Need for Speed: Zero-Shot Depth Completion with Single-Step Diffusion

Abstract

We introduce Marigold-SSD, a single-step, late-fusion depth completion framework that leverages strong diffusion priors while eliminating the costly test-time optimization typically associated with diffusion-based methods. By shifting computational burden from inference to finetuning, our approach enables efficient and robust 3D perception under real-world latency constraints.

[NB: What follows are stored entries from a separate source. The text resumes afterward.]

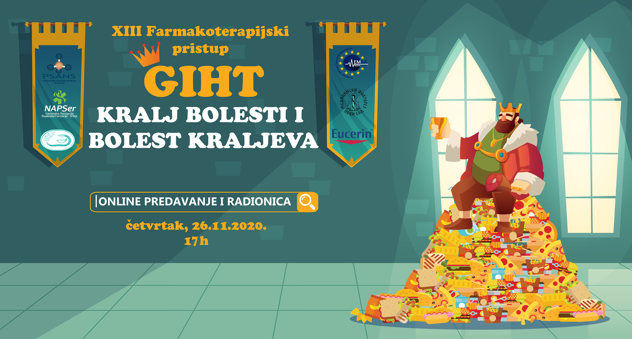 Farmaceutska studentska asocijacija Novog Sada - PSANS (Pharmacetuical Students’ Association of Novi Sad), će 26. novembra u 17 časova organizovati 13. Farmakoterapijski pristup pod nazivom „Giht – Kralj bolesti i bolest kraljeva“, u saradnji sa Evropskom asocijacijom studenata medicine – EMSA sa Medicinskog fakulteta u Novom Sadu. U skladu sa trenutnom epidemiološkom situacijom, odlučili smo da predavanje i radionicu održimo online, putem Go To Meeting platforme.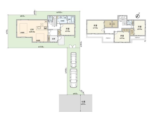 | 土地面積 | 171.27㎡(約51.8坪) ※別途私道約302㎡有 (共有持分 1/11) |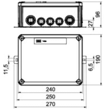 Palonkestävä jakorasia E90, 4x16 mm² + PE, 9xM25 7xM32, 270x190x95, PP,oranssi RAL 2003

Marigold-SSD achieves significantly faster inference with a training cost of only 4.5 GPU days. We evaluate our method across four indoor and two outdoor benchmarks, demonstrating strong cross-domain generalization and zero-shot performance compared to existing depth completion approaches. Our approach significantly narrows the efficiency gap between diffusion-based and discriminative models. Finally, we challenge common evaluation protocols by analyzing performance under varying input sparsity levels.

Contributions

1 First single-step diffusion method for depth completion. Marigold-SSD is significantly faster than diffusion baselines while delivering better average performance, and remaining competitive even when baselines employ ensembling at substantially higher computational cost.
2 Late-fusion conditional decoder. A simple yet effective strategy for conditioning on sparse measurements, whose advantage over early-fusion alternatives is validated through ablation studies.
3 Comprehensive zero-shot evaluation. Strong robustness to varying condition sparsity levels across indoor and outdoor datasets, while revealing limitations of existing evaluation benchmarks.

Method

Marigold-SSD builds on the generative prior of Marigold and adopts a single-step diffusion formulation with end-to-end fine-tuning. Rather than relying on expensive iterative denoising at test time, computation is shifted to a one-time fine-tuning stage, enabling deterministic single-step inference.

Architecture Comparison

Marigold-SSD architecture: single-step inference with conditional decoder

Marigold-SSD: single-step inference with late-fusion conditional decoder (ours)

Marigold-DC architecture: test-time optimization with iterative denoising

Marigold-DC: iterative test-time optimization with guided denoising (50 steps + ensembling)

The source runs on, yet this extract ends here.